Required work: Only one portion of the data is to be written out: from the line bearing "Title (ebay affiliate" through the line bearing "Robertson Scott wrote". Write it exactly as it appears.

Listed records:
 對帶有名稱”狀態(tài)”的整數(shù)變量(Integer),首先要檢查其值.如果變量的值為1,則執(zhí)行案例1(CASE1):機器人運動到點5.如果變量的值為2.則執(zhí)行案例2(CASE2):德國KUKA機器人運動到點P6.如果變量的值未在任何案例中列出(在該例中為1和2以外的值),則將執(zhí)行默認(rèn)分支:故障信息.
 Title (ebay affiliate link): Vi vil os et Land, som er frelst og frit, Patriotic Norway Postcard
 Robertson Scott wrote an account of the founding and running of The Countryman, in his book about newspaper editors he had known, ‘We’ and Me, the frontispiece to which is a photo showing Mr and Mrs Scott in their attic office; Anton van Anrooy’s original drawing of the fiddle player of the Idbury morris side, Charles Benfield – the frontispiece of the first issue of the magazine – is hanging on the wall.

* * *

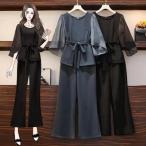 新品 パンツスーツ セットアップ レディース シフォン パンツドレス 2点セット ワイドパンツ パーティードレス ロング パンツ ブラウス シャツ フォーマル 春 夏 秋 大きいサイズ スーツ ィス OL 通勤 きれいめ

Your solution:
 Title (ebay affiliate link): Vi vil os et Land, som er frelst og frit, Patriotic Norway Postcard
 Robertson Scott wrote an account of the founding and running of The Countryman, in his book about newspaper editors he had known, ‘We’ and Me, the frontispiece to which is a photo showing Mr and Mrs Scott in their attic office; Anton van Anrooy’s original drawing of the fiddle player of the Idbury morris side, Charles Benfield – the frontispiece of the first issue of the magazine – is hanging on the wall.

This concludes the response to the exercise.